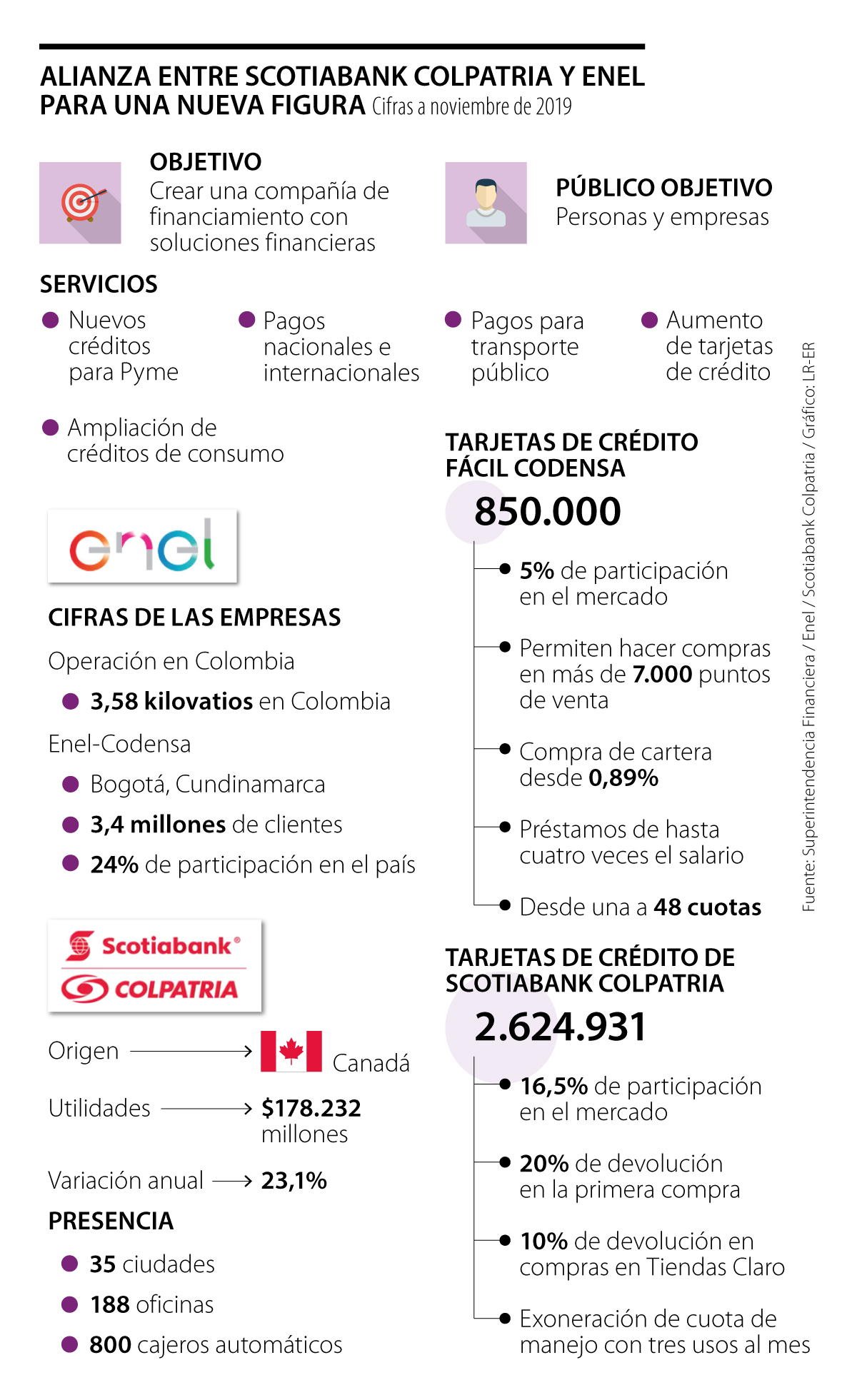 Vale recordar que, según las últimas cifras de la Superintendencia Financiera, a noviembre de 2019, Scotiabank Colpatria contaba con una participación en el mercado de tarjetas de crédito de 16,54%, con 2,6 millones de unidades activas. Por su parte, el Crédito Fácil Codensa registró un promedio de 850.000 plásticos y una participación de mercado de 5%.
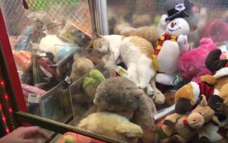 Sorprenden a un gato durmiendo dentro de una máquina de peluches
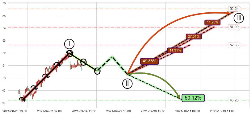 ➣ 循环浪继续向上【平均值】位置(10-13:13, 54.09),匹配聚类样本比例54.75%, 可能性概率27.31%
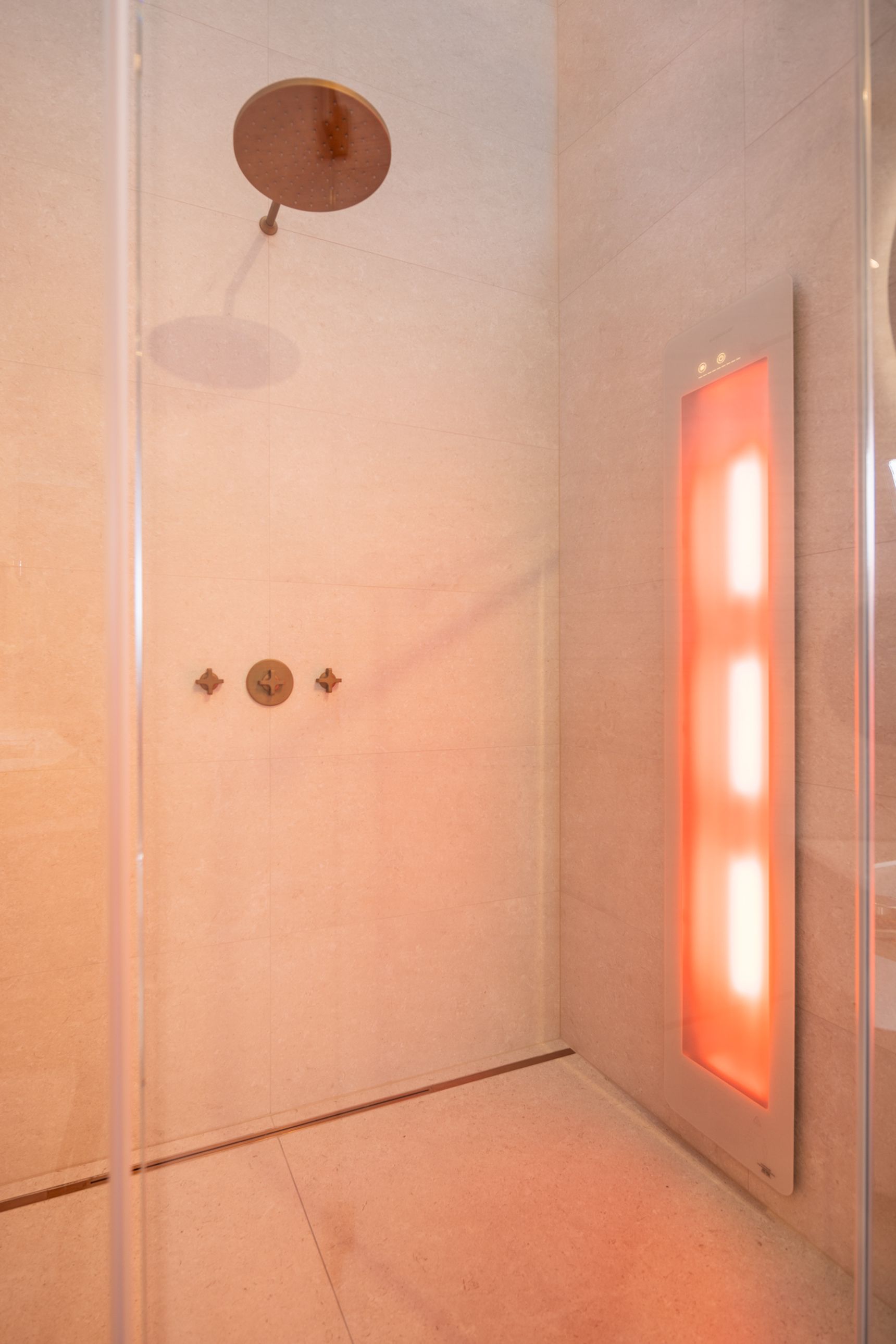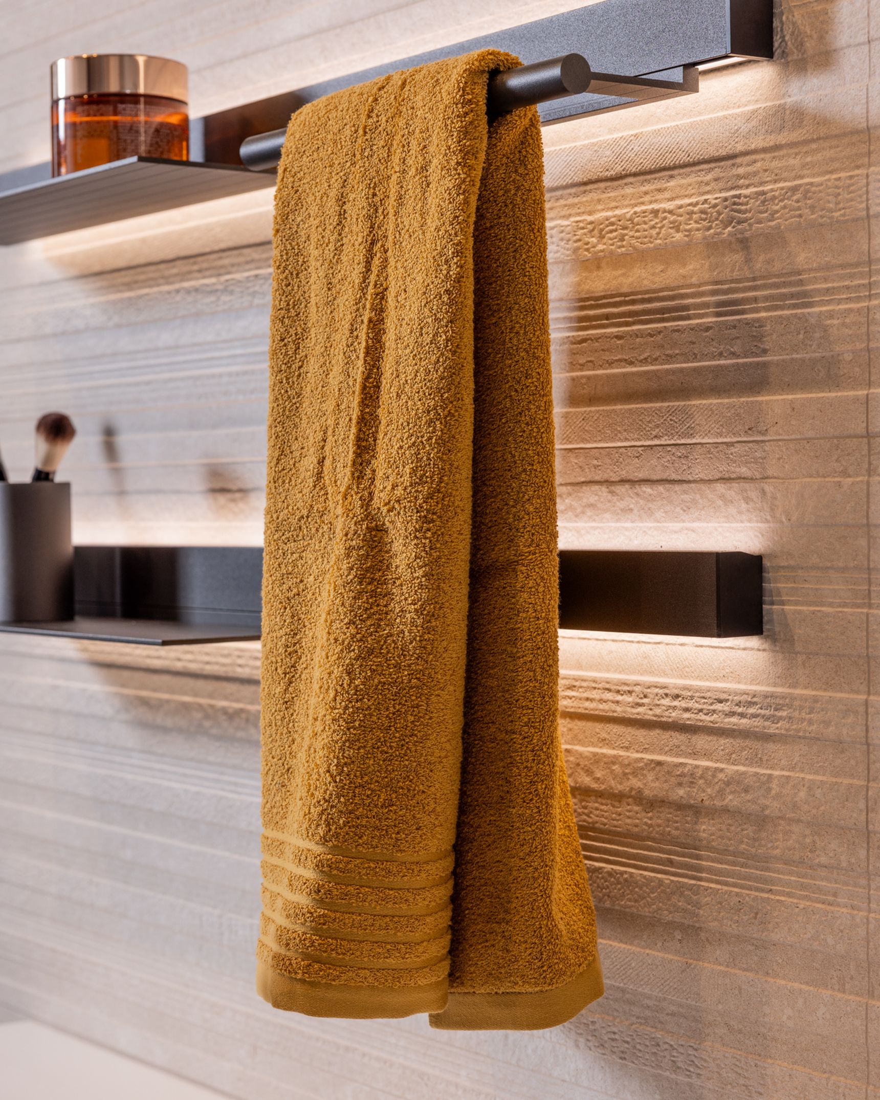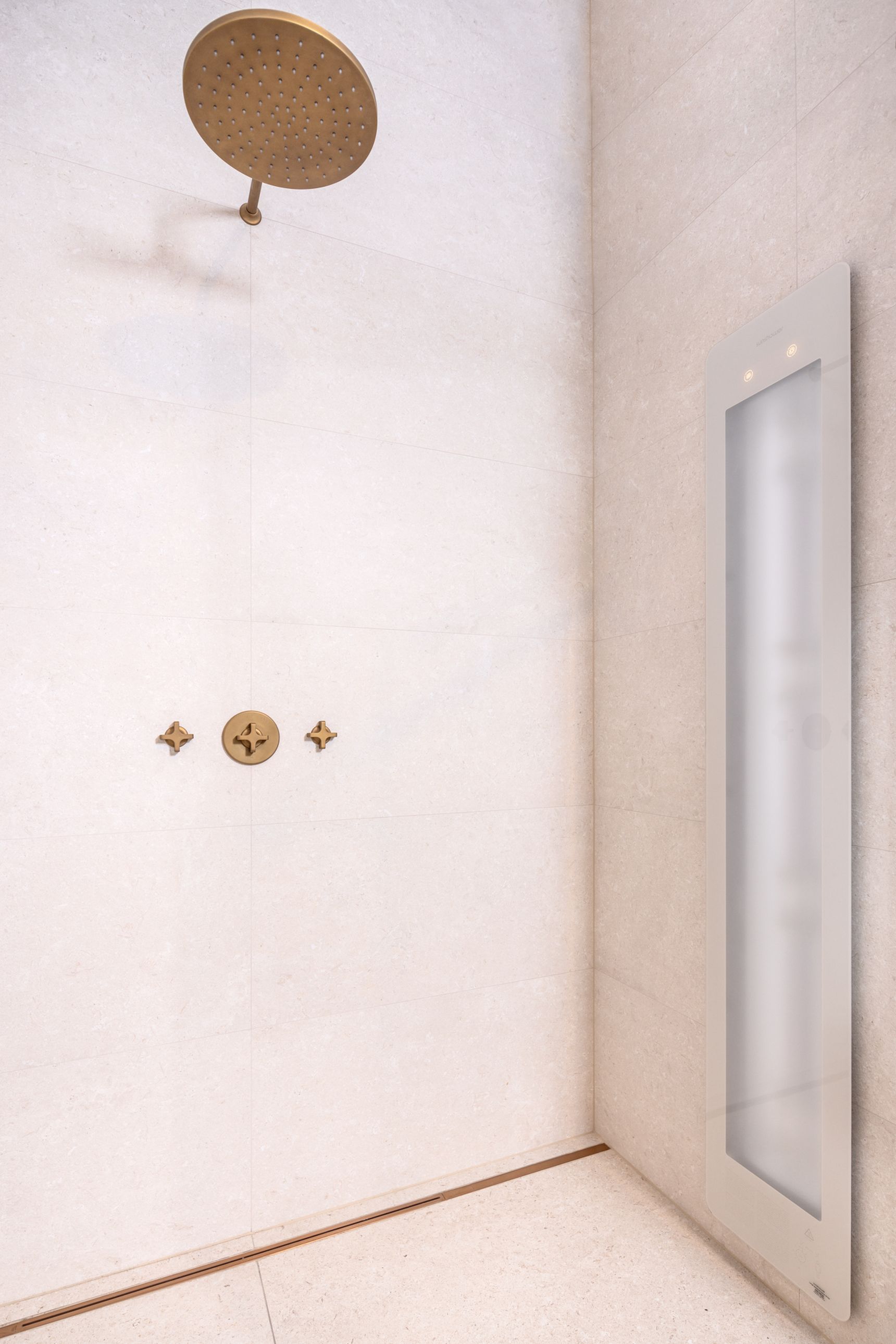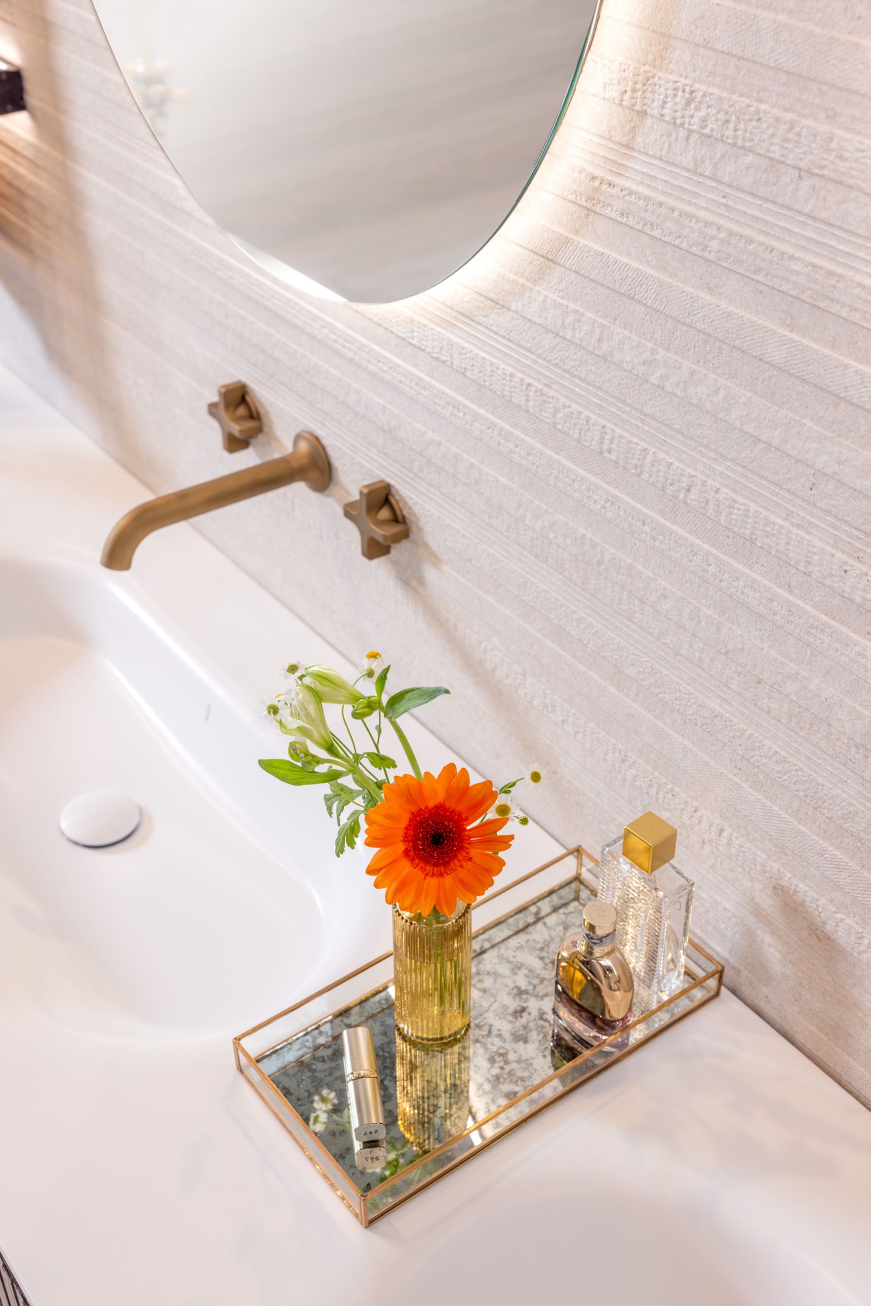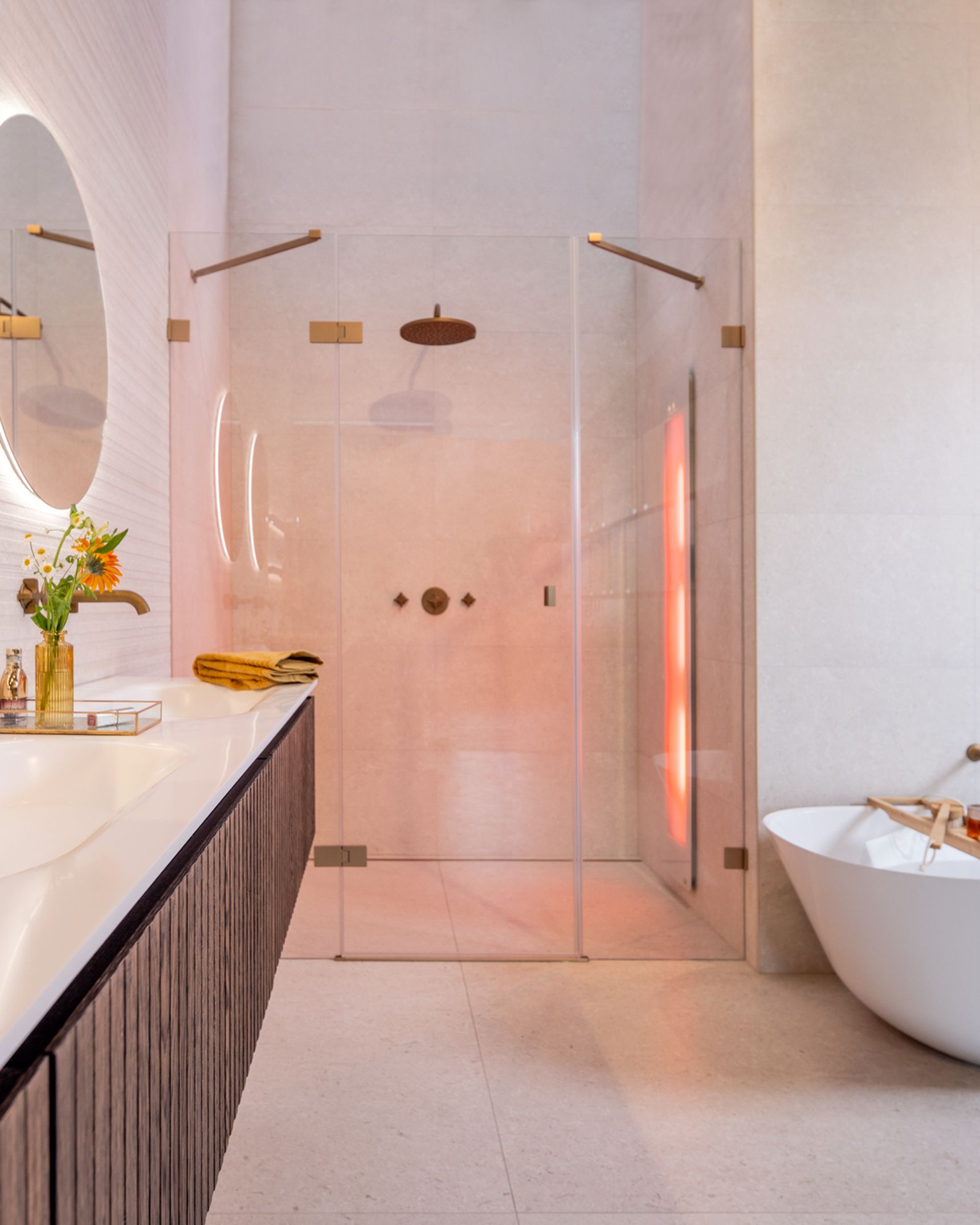 Naast de grote lijnen bepalen de details de uiteindelijke sfeer, waarbij de kranen in licht brons mat een zachter alternatief vormen voor het klassieke chroom of zwart. Brons sluit naadloos aan bij de warme zandtonen van de Modena-tegel, wat zorgt voor een rustig visueel beeld aan de wastafel en in de douche. Om deze texturen ook 's avonds tot hun recht te laten komen, is er indirecte verlichting achter de ronde spiegels en de accessoire-tablets geïntegreerd. Deze zachte lichtinval geeft de wand meer diepte zonder dat het licht verblindt tijdens uw ochtend- of avondritueel.

Problem requirements: Starting at the line with "Sorprenden a un" and finishing at the line with "循环浪继续向上【平均值】位置(10-13:13, 54.09),匹配聚类样本比例54.75%, 可能性概率27.31%", copy the material above exactly, both lines included. Nothing else goes in, and no pictures.

Result below:
 Sorprenden a un gato durmiendo dentro de una máquina de peluches
 ➣ 循环浪继续向上【平均值】位置(10-13:13, 54.09),匹配聚类样本比例54.75%, 可能性概率27.31%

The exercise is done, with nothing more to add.